On stage, Cook laid out the gulf. A9 had been a dual-core design on 14 nm. The A10, he said, moved to 10 nm and eight cores. From 14 to 10 nm, from two cores to eight, the jump sounded dramatic, and the performance claim sounded more surprising still. In his words, overall speed rose ninety percent over the previous 6S generation. If you translated that to domestic benchmark scores, he said, the iPhone 7 would land around 350,000 points.

In other words, the A10's generational span, by Apple's telling, collapsed years of incremental steps into one lunge. The message to rival phone makers watching the stream was not subtle.

Heifeng's face stayed calm, but he did a fast mental recalculation. He had planned to let Kunpeng A3 retake the crown from Apple and Qualcomm. On current tuning, A3's composite score hovered near 300,000, and even an aggressive push would struggle to crest 350,000. Against what Apple had just claimed for the A10, it would be a hard head-to-head.

Cook kept the drumbeat going. The screen moved to a new Retina HD panel with a wider color gamut and higher brightness. The cameras stepped up too, with an 8-megapixel front unit and a 20-megapixel rear module with optical stabilization, 2× optical zoom, and 10× hybrid zoom. Water and dust resistance reached IP67. The battery crept up to 2,300 mAh, though charging remained at 5 V, 1 A. Nothing earthshaking on the power side, yet in aggregate, the sheet looked clean.

The room in Piao City was silent for a few seconds after the segment ended. Then Heifeng spoke. "File the jack decision as settled industry direction," he said. "Treat dual speakers as baseline on the X-series. For the rest, hold your nerve. Where we cannot match, we out-execute."

He did not posture for his own team. Apple's move on the port solved Huaxing's dilemma in one stroke. The rest would be patience and craft. Integration stays the trend. Ports go away, first the headphone jack, then eventually the charging hole when wireless is good enough. Between those waypoints, the work is the same: build a phone that earns its space gram by gram, and spend every cubic millimeter inside the shell on something the user can feel.

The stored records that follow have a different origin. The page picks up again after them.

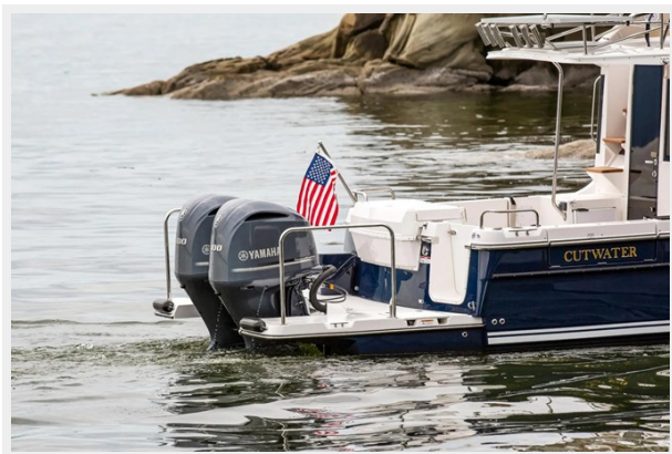
2025 Cutwater 30 Cammand Bridge 2025 Cutwater 30 Cammand Bridge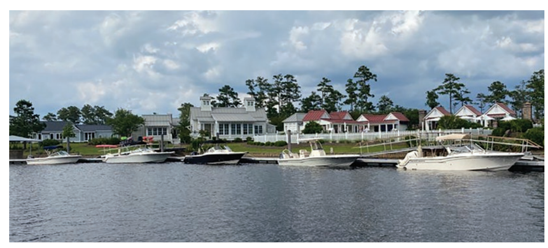
The Grady-White team enjoys spending time together away from the office. They often visit destinations for the weekend together, traveling by boat.

We also enjoy weekend excursions with our daughters, their husbands, and some of our Grady-White family. A group of about eight of us love taking off on our Gradys for a destination weekend. We've been to Ocracoke Island, NC, several times and to River Dunes Resort in Oriental, NC. It says a lot about the people I work with when, after working together all week, we still enjoy each other's company into the weekend – further proof that Grady people are great people!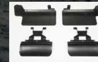
Mud guard (Front / Rear)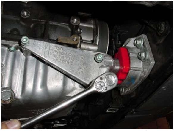
9. Install all fasteners by hand, then torque fasteners securing lever arm to oil sump to 20 Nm (15 ft-lb).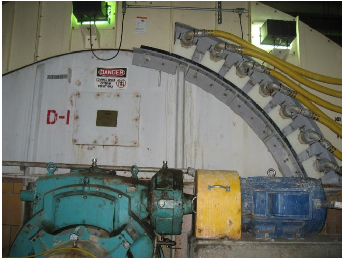
Untreated D1 unit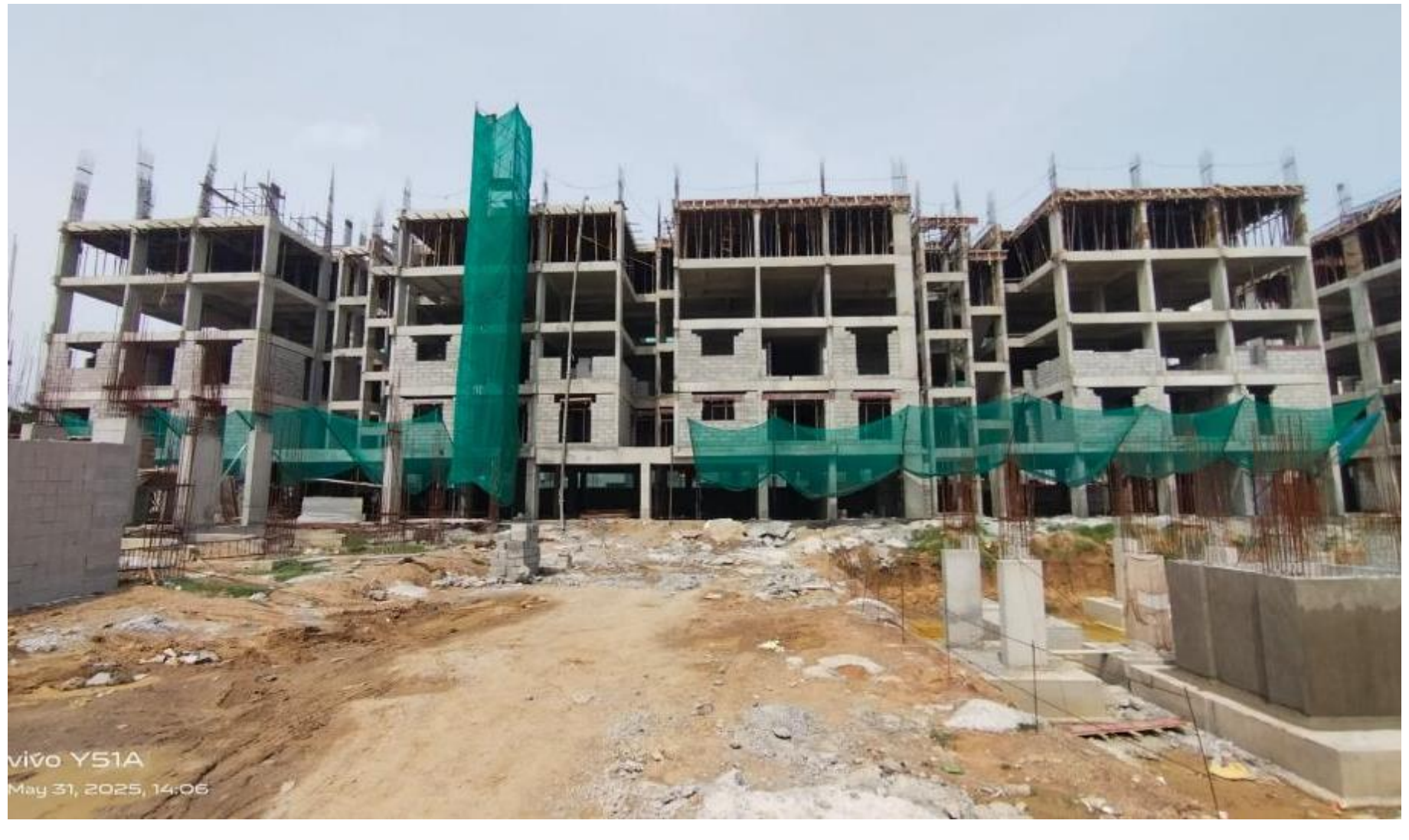
Block-3- Elevation View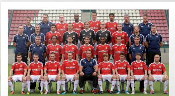
Wisła Kraków - Ekstraklasa's 2010/2011 Champion

More games (unilateral) available on request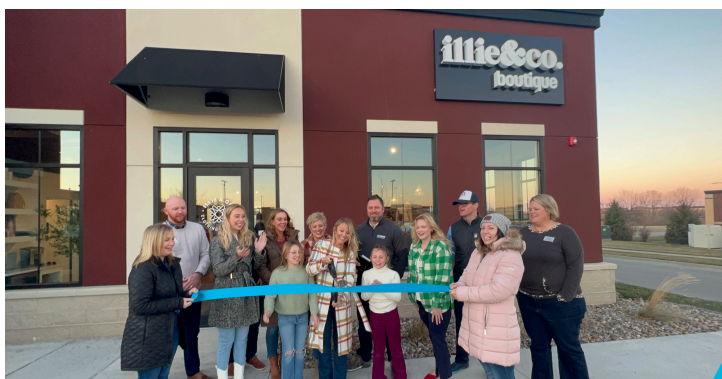
illie & co. boutique 1915 SW Plaza Pkwy (515) 822-9684 https://www.illieco.com

By the end of the keynote, the internet had settled into its familiar split. Some mocked Apple for "courage" and nickel-and-diming. Others cheered the cut and welcomed the cleaner body and louder stereo. Heifeng did not bother to join the noise. He went back to the X3 checklist, drew a line through the headphone port, and made a note beside speakers, required.

Apple's show had done him an odd favor. It had given him cover to do what he wanted to do anyway.